Drop every picture, then print the rest of the listing exactly as given.
--- Source data ---
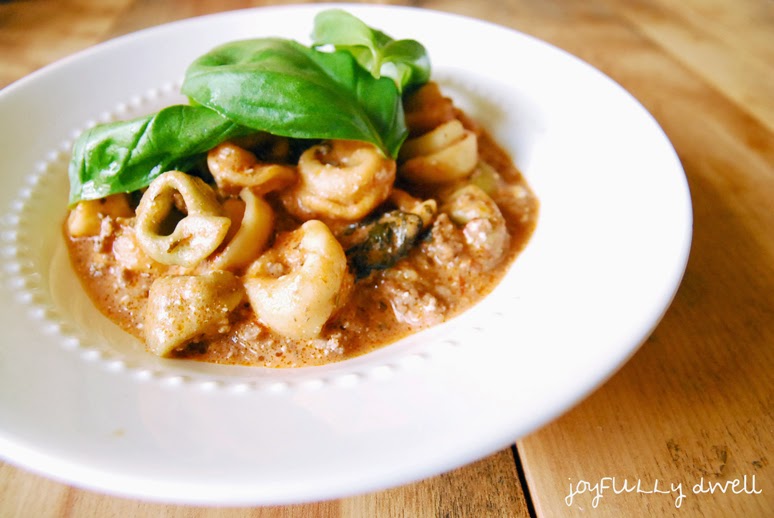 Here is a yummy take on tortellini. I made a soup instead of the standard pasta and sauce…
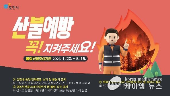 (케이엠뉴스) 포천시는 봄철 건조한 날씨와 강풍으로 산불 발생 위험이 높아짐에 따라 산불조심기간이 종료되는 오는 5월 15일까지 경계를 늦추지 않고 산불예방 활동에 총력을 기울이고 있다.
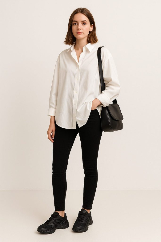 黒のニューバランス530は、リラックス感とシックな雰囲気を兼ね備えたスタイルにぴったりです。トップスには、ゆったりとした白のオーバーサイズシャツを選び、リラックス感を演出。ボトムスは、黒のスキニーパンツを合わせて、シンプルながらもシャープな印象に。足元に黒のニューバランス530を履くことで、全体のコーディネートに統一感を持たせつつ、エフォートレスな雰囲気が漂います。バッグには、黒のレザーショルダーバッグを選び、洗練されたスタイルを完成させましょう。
---
• **Answer section**
 Here is a yummy take on tortellini. I made a soup instead of the standard pasta and sauce…
 (케이엠뉴스) 포천시는 봄철 건조한 날씨와 강풍으로 산불 발생 위험이 높아짐에 따라 산불조심기간이 종료되는 오는 5월 15일까지 경계를 늦추지 않고 산불예방 활동에 총력을 기울이고 있다.
 黒のニューバランス530は、リラックス感とシックな雰囲気を兼ね備えたスタイルにぴったりです。トップスには、ゆったりとした白のオーバーサイズシャツを選び、リラックス感を演出。ボトムスは、黒のスキニーパンツを合わせて、シンプルながらもシャープな印象に。足元に黒のニューバランス530を履くことで、全体のコーディネートに統一感を持たせつつ、エフォートレスな雰囲気が漂います。バッグには、黒のレザーショルダーバッグを選び、洗練されたスタイルを完成させましょう。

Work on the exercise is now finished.